Objective: To analyze Chinese rabies virus vaccine strain 3aG glycoprotein (GP) gene and further produce GP by E3-deleted human adenovirus recombinant.
Methods: Chinese rabies virus vaccine strain 3aG glycoprotein gene was cloned by RT-PCR and its sequence was determined by DNA sequencing. Cotransfection was performed to obtain adenovirus recombinant. The expressed glycoprotein was examined by ELISA and its immunogenicity was evaluated by testing neutralizing antibody level of mice inoculated with the recombinant virus.

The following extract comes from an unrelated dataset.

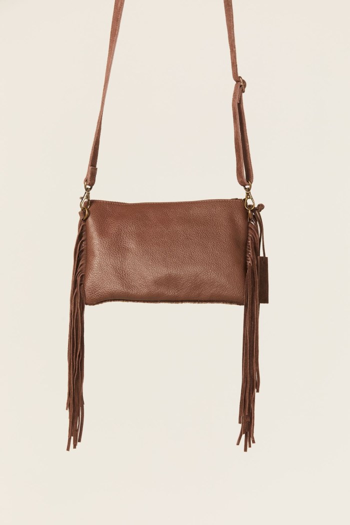 - Brown fringe accent on sides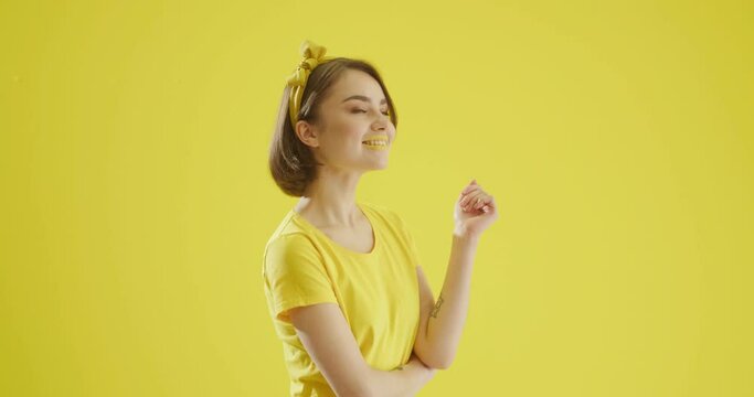 Let me think. Doubtful, thoughtful child girl posing over yellow background, copy space

Results: DNA sequencing showed that the open reading frame of GP gene contains 1,575 nucleotides and five of the deduced amino acids are different from the previous report. The recombinant adenovirus containing GP gene in E3 region was obtained by cotransfecting 293 cells and rounds of plaque purification. ELISA assay demonstrated that the GP gene can be efficiently expressed and rapid fluorescent focus inhibition test (RFFTT) showed it can also elicit GP specific neutralizing antibody.
Conclusions: Chinese rabies virus vaccine strain 3aG glycoprotein was successfully expressed by E3-deleted human adenovirus recombinant and specific neutralizing antibody can be elicited in mice after immunization by the recombinant.